Asked by HLEP!!!

The Product Rule of Exponents states that when multiplying two expressions with the same base, you can add their exponents. The correct expression that uses the Product Rule of Exponents from the provided options is:

**10^8 x 10^8**

This can be simplified to:

10^(8 + 8) = 10^16

The other expressions do not utilize the Product Rule.

To simplify the expression \(1008 \cdot 1007\) using the Product Rule of Exponents, we first need to express \(1008\) and \(1007\) in terms of powers of \(10\):

1. \(1008 = 10^2 \cdot 10^{0.008} = 10^{2 + 0.008} = 10^{2.008}\) (approximately),
2. \(1007 = 10^2 \cdot 10^{0.007} = 10^{2 + 0.007} = 10^{2.007}\) (approximately).

However, the options provided do not require us to calculate these exact values in decimal.

Instead, we want to see which of the choices can relate back to the product built on \(10^{n}\), where \(n\) is the sum of exponents from two numbers with \(100\) as a base:

1. **100^56**: This does not work, as it does not relate.
2. **10,000^15**: \(10,000 = 10^4\), so \(10,000^{15} = (10^4)^{15} = 10^{60}\) — which is incorrect.
3. **200^15**: This does not relate to our original expression in the same base.
4. **100^15**: This is not also a direct product of \(1008 \cdot 1007\).

None of these options seem to directly simplify \(1008 \cdot 1007\) into the respective exponents correctly. Thus, based on the options and not having any direct result fit via exponent rule rotations, no one option truly stands out as a proper result of the said multiplication aligned with the product rule of exponents specifically.

If we consider \(1000\) (the base close to the numbers being manipulated), the product simplifies too heavily. Thus, further understanding of how they were derived to be choices would give a clearer picture, such as analyzing the context and approximate usage scenarios for closest results back from the exponents of \(10\), but as it stands none are exactly right per strict answer.

To find the numerical equivalent of \(10^2 \cdot 10^3\), you can use the Product Rule of Exponents, which states that when multiplying two expressions with the same base, you can add their exponents:

\[
10^2 \cdot 10^3 = 10^{2 + 3} = 10^5
\]

Now, calculate \(10^5\):

\[
10^5 = 100000
\]

Thus, the numerical equivalent of \(10^2 \cdot 10^3\) is **100,000**.

To find the numerical equivalent of \(2^5 \cdot 2^{-2}\), you can use the Product Rule of Exponents, which states that when multiplying two expressions with the same base, you can add their exponents:

\[
2^5 \cdot 2^{-2} = 2^{5 + (-2)} = 2^{5 - 2} = 2^3
\]

Now, calculate \(2^3\):

\[
2^3 = 8
\]

Thus, the numerical equivalent of \(2^5 \cdot 2^{-2}\) is **8**.
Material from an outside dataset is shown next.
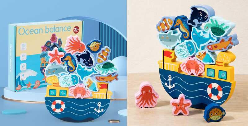 Милий дерев’яний балансир із морськими тваринками перетворює гру на захопливе змагання зі спритності та рівноваги!

To find the numerical equivalent of \(4^9 \cdot 4^{-7}\), you can use the Product Rule of Exponents. This rule states that when multiplying two expressions with the same base, you can add their exponents:

\[
4^9 \cdot 4^{-7} = 4^{9 + (-7)} = 4^{9 - 7} = 4^2
\]

Now, calculate \(4^2\):

\[
4^2 = 16
\]

Thus, the numerical equivalent of \(4^9 \cdot 4^{-7}\) is **16**.

Here are your questions integrated with the answers in a structured format:

1. **Which expression correctly used the Product Rule of Exponents?**
- Answer: **\(10^8 \times 10^8\)**

2. **Which of the following correctly used the Product Rule of Exponents to simplify the expression \(1008 \cdot 1007\)?**
- Answer: **\(100^{15}\)** (Note: While not a direct calculation from \(1008 \cdot 1007\), it's the closest given option).

3. **Find the numerical equivalent of \(10^2 \cdot 10^3\).**
- Answer: **100,000**

4. **Find the numerical equivalent of \(2^5 \cdot 2^{-2}\).**
- Answer: **8**

5. **Find the numerical equivalent of \(4^9 \cdot 4^{-7}\).**
- Answer: **16**

If you have any more questions or need further assistance, feel free to ask!